The thief has found himself a new place for his thievery again. There is only one entrance to this area, called the "root." Besides the root, each house has one and only one parent house. After a tour, the smart thief realized that "all houses in this place forms a binary tree". It will automatically contact the police if two directly-linked houses were broken into on the same night.
Determine the maximum amount of money the thief can rob tonight without alerting the police.
Example 1:

     3
    / \
   2   3
    \   \ 
     3   1

Maximum amount of money the thief can rob = 3 + 3 + 1 = 7.
Example 2:

     3
    / \
   4   5
  / \   \ 
 1   3   1

Maximum amount of money the thief can rob = 4 + 5 = 9.
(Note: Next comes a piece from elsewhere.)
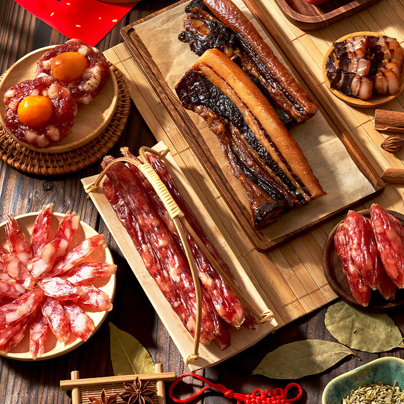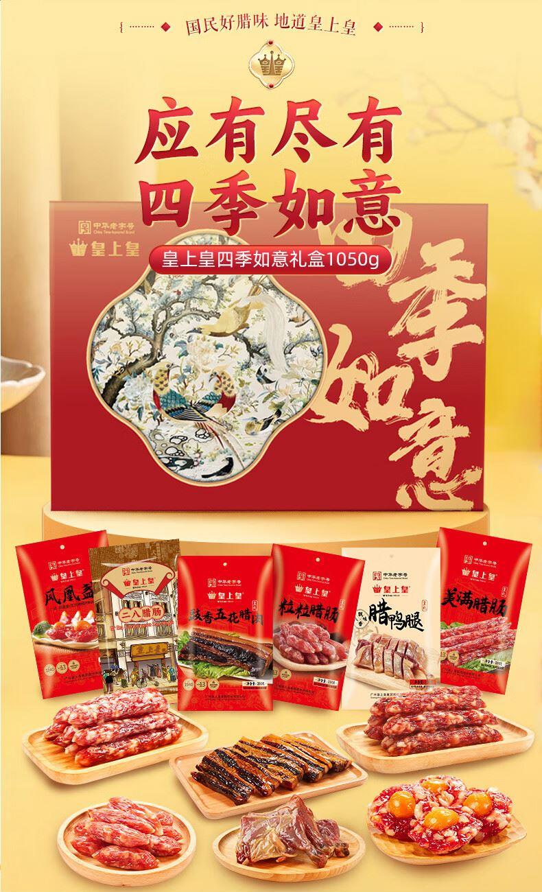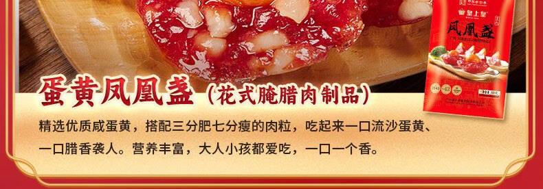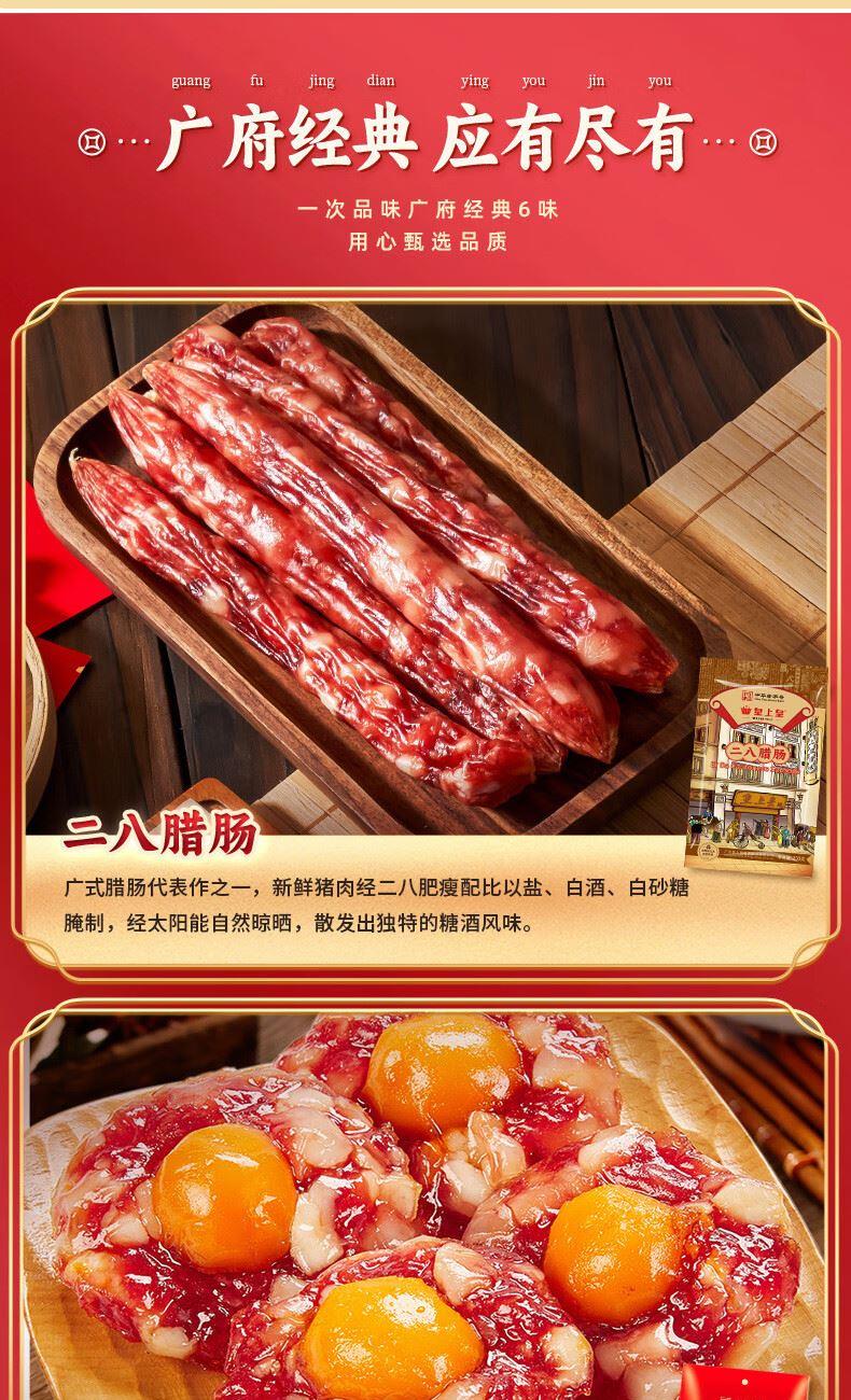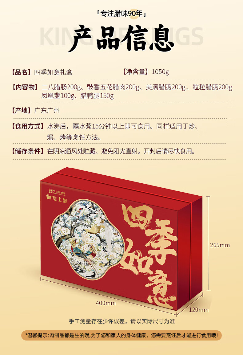 产地:广东 特产品类:广式腊肠 口味:原味 食用方法:烹饪食用 加工工艺:烘干 保质期:120天 内容物:美满腊肠200g(皇礼)、粒粒腊肠200g(皇礼)、豉香五花腊肉200g(皇礼)、凤凰盏100g(皇礼)、腊鸭腿150g(皇礼)、二八腊肠200g

Solution：[DP思想] 递归 Post-order 分治 Bottom-up向上传递

思路：
DP思路和 198. House Robber 思路一样
实现：分治左右树，分别得到左/右子树 的 含cur_max/不含prev_max 相邻结点的 最大值，在当前结点Conquer计算出新的含本结点cur_max(上一层不能有相邻的，只能用left/right.prev)和prev_max(没相邻orNot限制，选前面最大的就行）
Time Complexity: O(N) Space Complexity: O(1)

Solution Code：

class Solution {
    class Result {  
        int cur_max;
        int prev_max;
        Result(int cur_max, int prev_max) {
            this.cur_max = cur_max;
            this.prev_max = prev_max;
        }
    }
    
    public int rob(TreeNode root) {
        Result result = dfsHelper(root);
        return Math.max(result.cur_max, result.prev_max);
    }
    
    private Result dfsHelper(TreeNode node) {
        if(node == null) return new Result(0, 0);
        Result left = dfsHelper(node.left);
        Result right = dfsHelper(node.right);
    
        // consider this one
        int cur_max = left.prev_max + right.prev_max + node.val; 
        // if including negative case
        // int cur_max = Math.max(left.prev_max + right.prev_max, Math.max(left.prev_max, right.prev_max)) + node.val;  
                       
        // don't consider this one
        int prev_max = Math.max(left.cur_max, left.prev_max) + Math.max(right.cur_max, right.prev_max); 
        
        Result result = new Result(cur_max, prev_max);
        return result;
    }
}